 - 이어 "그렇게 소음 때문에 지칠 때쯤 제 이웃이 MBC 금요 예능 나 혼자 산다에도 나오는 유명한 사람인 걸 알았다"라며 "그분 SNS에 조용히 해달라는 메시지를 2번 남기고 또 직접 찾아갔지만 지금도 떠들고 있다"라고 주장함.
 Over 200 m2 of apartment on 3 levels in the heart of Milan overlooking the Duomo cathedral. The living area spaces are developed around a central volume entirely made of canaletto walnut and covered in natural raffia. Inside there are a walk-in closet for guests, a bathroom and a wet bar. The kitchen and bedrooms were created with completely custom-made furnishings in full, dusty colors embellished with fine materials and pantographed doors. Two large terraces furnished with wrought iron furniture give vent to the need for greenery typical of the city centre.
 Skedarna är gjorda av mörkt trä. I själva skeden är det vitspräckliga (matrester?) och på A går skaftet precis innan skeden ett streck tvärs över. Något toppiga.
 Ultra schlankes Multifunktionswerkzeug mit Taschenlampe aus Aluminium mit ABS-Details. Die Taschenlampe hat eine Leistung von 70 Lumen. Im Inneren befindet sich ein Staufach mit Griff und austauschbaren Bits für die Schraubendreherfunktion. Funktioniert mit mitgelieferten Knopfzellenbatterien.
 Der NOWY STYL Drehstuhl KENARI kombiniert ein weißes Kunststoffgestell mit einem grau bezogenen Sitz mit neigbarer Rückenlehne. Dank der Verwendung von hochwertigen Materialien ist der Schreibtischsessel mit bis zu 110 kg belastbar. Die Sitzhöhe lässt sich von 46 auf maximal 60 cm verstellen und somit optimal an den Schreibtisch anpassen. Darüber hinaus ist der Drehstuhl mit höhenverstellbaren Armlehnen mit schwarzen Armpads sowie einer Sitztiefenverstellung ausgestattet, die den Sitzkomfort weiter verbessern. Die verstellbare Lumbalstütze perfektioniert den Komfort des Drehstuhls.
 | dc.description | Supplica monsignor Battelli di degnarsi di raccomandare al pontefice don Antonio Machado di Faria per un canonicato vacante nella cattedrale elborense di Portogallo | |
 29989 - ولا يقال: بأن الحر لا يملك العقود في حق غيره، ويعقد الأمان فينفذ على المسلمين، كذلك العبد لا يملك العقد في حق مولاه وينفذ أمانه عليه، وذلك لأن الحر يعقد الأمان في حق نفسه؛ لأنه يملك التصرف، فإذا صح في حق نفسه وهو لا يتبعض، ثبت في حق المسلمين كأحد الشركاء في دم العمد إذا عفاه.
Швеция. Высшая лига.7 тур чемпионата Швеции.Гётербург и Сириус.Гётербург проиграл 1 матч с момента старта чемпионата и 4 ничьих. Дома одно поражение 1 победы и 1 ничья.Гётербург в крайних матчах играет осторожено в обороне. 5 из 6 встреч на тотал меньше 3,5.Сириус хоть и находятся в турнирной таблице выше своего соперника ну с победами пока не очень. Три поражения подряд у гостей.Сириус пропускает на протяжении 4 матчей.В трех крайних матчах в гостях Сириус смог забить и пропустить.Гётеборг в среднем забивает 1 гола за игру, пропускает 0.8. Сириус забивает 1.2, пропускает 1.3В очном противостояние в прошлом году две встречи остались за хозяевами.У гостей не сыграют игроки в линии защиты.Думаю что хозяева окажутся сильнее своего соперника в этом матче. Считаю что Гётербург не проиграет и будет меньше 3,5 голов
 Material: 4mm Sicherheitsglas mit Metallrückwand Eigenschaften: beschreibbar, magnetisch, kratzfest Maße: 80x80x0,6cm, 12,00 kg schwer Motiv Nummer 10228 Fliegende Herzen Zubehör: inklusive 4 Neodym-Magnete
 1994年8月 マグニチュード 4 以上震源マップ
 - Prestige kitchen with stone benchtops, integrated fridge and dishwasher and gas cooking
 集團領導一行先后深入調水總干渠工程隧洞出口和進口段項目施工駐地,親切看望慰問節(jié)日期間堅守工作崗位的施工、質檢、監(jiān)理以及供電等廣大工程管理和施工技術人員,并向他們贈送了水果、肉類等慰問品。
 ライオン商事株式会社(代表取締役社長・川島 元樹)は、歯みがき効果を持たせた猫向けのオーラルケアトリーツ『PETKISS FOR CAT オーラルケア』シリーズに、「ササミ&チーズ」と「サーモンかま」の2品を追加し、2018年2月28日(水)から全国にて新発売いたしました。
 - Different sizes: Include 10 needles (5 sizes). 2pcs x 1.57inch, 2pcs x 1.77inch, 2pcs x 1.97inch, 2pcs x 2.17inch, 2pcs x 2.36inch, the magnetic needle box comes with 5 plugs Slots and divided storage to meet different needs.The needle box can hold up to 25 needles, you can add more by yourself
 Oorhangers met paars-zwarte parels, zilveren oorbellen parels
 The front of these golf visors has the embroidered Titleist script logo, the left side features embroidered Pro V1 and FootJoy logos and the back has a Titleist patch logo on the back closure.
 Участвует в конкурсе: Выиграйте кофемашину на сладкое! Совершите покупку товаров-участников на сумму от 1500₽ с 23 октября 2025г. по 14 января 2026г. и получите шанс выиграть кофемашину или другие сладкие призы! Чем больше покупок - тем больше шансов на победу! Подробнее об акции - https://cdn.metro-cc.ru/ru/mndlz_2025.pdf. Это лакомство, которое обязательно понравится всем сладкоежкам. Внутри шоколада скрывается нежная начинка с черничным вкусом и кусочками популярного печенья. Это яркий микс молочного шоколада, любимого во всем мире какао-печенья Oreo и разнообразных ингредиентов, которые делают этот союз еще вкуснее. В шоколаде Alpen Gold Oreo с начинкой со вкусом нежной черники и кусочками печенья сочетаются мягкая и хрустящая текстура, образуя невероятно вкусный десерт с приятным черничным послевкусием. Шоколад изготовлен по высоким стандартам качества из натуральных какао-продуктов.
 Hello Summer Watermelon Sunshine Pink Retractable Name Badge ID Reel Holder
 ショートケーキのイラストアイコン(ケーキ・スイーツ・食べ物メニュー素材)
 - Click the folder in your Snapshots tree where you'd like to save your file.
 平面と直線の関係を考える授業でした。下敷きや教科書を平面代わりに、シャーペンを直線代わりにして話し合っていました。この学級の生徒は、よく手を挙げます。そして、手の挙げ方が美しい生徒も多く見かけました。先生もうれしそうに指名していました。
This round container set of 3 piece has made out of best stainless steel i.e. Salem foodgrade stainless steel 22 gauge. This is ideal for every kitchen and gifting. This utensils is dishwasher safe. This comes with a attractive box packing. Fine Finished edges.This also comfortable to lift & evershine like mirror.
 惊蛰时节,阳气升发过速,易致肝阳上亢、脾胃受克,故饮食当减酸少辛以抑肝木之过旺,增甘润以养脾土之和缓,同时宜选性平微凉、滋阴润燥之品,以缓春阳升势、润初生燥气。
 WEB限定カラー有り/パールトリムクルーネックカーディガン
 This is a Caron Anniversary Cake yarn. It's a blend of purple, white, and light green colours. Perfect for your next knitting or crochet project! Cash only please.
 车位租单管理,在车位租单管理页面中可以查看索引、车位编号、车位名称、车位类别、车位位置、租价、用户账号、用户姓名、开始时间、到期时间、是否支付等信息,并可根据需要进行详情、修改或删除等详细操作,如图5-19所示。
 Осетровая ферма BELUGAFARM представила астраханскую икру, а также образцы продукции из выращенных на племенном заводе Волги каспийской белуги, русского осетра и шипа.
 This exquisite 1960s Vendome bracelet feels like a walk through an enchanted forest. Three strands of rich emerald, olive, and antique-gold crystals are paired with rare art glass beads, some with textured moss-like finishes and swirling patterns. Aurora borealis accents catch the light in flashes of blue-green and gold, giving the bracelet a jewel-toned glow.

****

- **Directions**: The string "kitchen" may appear in the entries. Say how many lines contain it, as a bare number.

- **Answer box**: 3